Task to complete: When the line with "重庆九龙坡区法学会第二届会员" appears below, start repeating lines exactly, and keep going through the line with "Es gibt eine"; add nothing outside that span.

Data for analysis:

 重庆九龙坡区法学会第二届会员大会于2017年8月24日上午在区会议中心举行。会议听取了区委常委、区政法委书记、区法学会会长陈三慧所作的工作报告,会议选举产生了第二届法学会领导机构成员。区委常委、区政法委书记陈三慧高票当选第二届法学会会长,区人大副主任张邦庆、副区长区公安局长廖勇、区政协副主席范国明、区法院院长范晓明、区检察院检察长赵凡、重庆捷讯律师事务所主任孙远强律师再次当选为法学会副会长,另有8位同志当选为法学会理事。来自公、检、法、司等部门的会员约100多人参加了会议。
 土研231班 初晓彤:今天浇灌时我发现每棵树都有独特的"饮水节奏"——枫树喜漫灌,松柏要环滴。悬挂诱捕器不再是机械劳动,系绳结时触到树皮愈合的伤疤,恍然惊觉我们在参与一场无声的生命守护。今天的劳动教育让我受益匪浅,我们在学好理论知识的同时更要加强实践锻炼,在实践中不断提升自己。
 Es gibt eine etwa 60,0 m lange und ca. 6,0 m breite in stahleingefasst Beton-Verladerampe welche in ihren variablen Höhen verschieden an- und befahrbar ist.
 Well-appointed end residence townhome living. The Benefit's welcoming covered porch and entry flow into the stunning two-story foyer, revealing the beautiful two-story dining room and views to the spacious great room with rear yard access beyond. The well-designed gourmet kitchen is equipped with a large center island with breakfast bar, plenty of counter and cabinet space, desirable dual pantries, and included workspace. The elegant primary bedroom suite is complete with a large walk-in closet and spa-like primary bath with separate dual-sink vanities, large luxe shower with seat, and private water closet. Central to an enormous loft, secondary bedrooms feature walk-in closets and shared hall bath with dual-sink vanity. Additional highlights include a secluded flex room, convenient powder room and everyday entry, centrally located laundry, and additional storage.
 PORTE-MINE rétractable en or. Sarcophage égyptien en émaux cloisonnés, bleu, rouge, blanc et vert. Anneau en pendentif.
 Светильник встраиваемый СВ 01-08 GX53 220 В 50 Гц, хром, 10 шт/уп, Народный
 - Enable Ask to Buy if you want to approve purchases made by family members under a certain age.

---

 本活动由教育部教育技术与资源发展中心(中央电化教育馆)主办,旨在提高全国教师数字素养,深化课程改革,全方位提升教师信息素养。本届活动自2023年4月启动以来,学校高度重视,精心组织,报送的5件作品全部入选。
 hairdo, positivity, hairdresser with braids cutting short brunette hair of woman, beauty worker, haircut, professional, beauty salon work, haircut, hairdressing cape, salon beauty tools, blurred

Result:
 重庆九龙坡区法学会第二届会员大会于2017年8月24日上午在区会议中心举行。会议听取了区委常委、区政法委书记、区法学会会长陈三慧所作的工作报告,会议选举产生了第二届法学会领导机构成员。区委常委、区政法委书记陈三慧高票当选第二届法学会会长,区人大副主任张邦庆、副区长区公安局长廖勇、区政协副主席范国明、区法院院长范晓明、区检察院检察长赵凡、重庆捷讯律师事务所主任孙远强律师再次当选为法学会副会长,另有8位同志当选为法学会理事。来自公、检、法、司等部门的会员约100多人参加了会议。
 土研231班 初晓彤:今天浇灌时我发现每棵树都有独特的"饮水节奏"——枫树喜漫灌,松柏要环滴。悬挂诱捕器不再是机械劳动,系绳结时触到树皮愈合的伤疤,恍然惊觉我们在参与一场无声的生命守护。今天的劳动教育让我受益匪浅,我们在学好理论知识的同时更要加强实践锻炼,在实践中不断提升自己。
 Es gibt eine etwa 60,0 m lange und ca. 6,0 m breite in stahleingefasst Beton-Verladerampe welche in ihren variablen Höhen verschieden an- und befahrbar ist.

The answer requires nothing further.